A New Jersey federal judge held that bare verification-code text messages are not “advertisements” or “telephone solicitations” under the TCPA and dismissed the plaintiff’s claims with prejudice, while also ordering him to show cause why he should not be sanctioned.

Case and posture

  • The decision is from the U.S. District Court for the District of New Jersey in Zelma v. Wonder Group Inc..

  • The plaintiff, a frequent TCPA filer proceeding pro se, challenged two verification-code texts he received, trying to characterize them as unlawful telemarketing/advertising under the TCPA and as Do-Not-Call and opt-out–notice violations.

What the judge actually held

  • The court granted the defendant’s motion to dismiss with prejudice as to the Do-Not-Call (DNC) registry claim and the opt‑out notice claim, finding that the two verification texts could not plausibly be “telephone solicitations” or “unsolicited advertisements” as defined in the TCPA.

  • The messages contained only verification codes, with no links, no product or service references, and no commercial language; under the Third Circuit’s Mauthe framework, that is not enough to qualify as advertising or solicitation.
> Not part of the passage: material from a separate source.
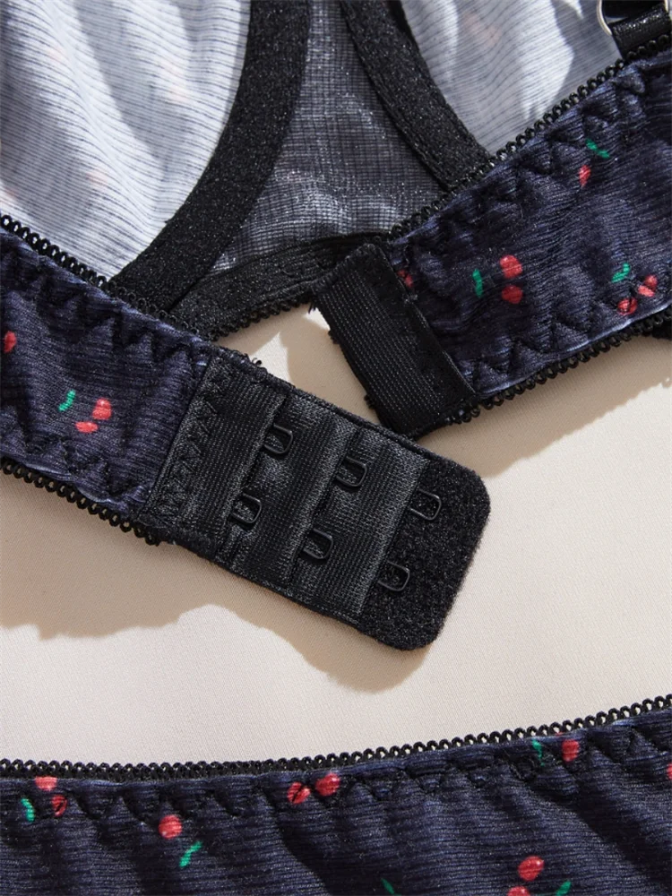 This delicate 3-point set features a lightweight sheer bra, matching panties, and adorable bow accents, all adorned with a sweet cherry print.

  • The judge rejected the plaintiff’s “trojan horse” theory (that the unexplained codes were a pretext to lure him to the sender’s site), noting that Mauthe had already warned that accepting such arguments would effectively turn “any message” from a company into an “advertisement.”

Sanctions angle

  • Previously, the court had dismissed earlier versions of the complaint but gave leave to amend and spelled out what would be needed: specific facts showing the texts directly or indirectly informed the plaintiff that the sender sells something of value.

  • In the amended complaint, the plaintiff instead doubled down on the same theory without factual support and added allegations the court found inaccurate; as a result, the court issued an order for the plaintiff to show cause why he should not be sanctioned under Rule 11.

Practical takeaways for industry

  • For senders: Non-promotional verification-code texts that lack links, product references, or sales language are strong candidates for early dismissal of TCPA DNC/advertising claims in the Third Circuit, especially when you can frame the issue under Mauthe.

  • For plaintiffs: Courts in New Jersey are signaling low tolerance for creative re-labeling of purely functional security/verification traffic as “ads,” and repeated attempts to re-plead rejected theories can draw Rule 11 scrutiny.